Michael smiled at the bad news, as he imagined a curate would, and could not help feeling mildly scandalised at such a lack of respect for the clergy. He wished he were wearing a dog collar. Over the youth’s shoulder he watched a pregnant woman get out of a car that had just parked on the forecourt. She stood by the open passenger door and followed with her eyes as her husband, or boyfriend more like, slammed the driver’s door and stalked off to the garage shop. She looked uncomfortable, unhappy in her clothes and slightly ashamed, and Michael, only half listening to the mechanic, understood with a stab of recognition that she felt these things whether she was pregnant or not. He must have been staring, for she seemed to have caught his eye and now, to his horror, she was waddling over to him. He turned his attention back to the mechanic.
‘Number’s in the shop if you wanna call them,’ the mechanic said, turning to go. He added over his shoulder, grinning, ‘They’ll sort it for you, but they’ll charge.’ He called underneath the car where the feet were squirming. ‘Terry! They still charging eighty-five for call-out, Corsham Breakdown? You know, whatsisname, that Steve at Corsham Breakdown. Still charges eighty-five, does he?’
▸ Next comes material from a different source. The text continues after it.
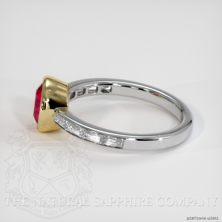 Adding to the allure of this unique piece, the ruby is accompanied by white baguette diamonds expertly set along the band. Weighing approximately 0.48 carats, these diamonds are not merely accents but essential elements that elevate the ring's overall sophistication. With a clarity range of VS1 to VS2 and a color grade of E, our diamonds significantly outperform typical selections. Competitors may offer diamonds of lesser grade and brilliance, but at The Natural Ruby Company, we ensure only the finest make it into our collections. These diamonds harmonize perfectly with the main ruby, enhancing its robust color while offering their own radiant sparkle.
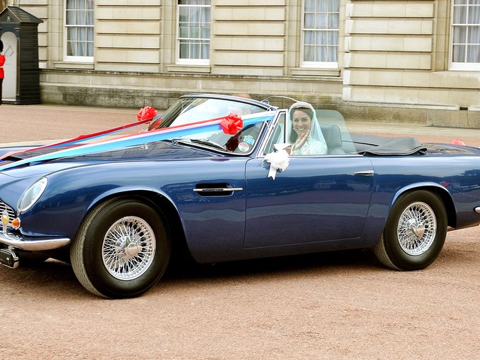 Hoàng tử William và Catherine, Nữ Công tước xứ Cambridge rời điện Buckingham trên một chiếc Aston Martin vào ngày 29 tháng 4 năm 2011.

The legs shifted again and a muffled voice replied, ‘Oh yeah, think so. Eighty-five, mileage on top. Cash.’
‘Yeah, well, there you go,’ said curtain-hair, with the slightest and first edge of sympathy in his voice. ‘Number’s in the shop, there’s a payphone if you ain’t got a mobile.’ Michael nodded his thanks, calculating. It would cost at least a hundred in the end just to get towed back to Bath, never mind the cost of getting the van fixed. He could just hitch a lift home and forget all about the van, just leave it to rust here. But he could hardly remove the licence plates in full view of the mechanics, and the registration number would lead them straight to him. Also it was an offence to abandon a vehicle and he was in enough trouble anyway.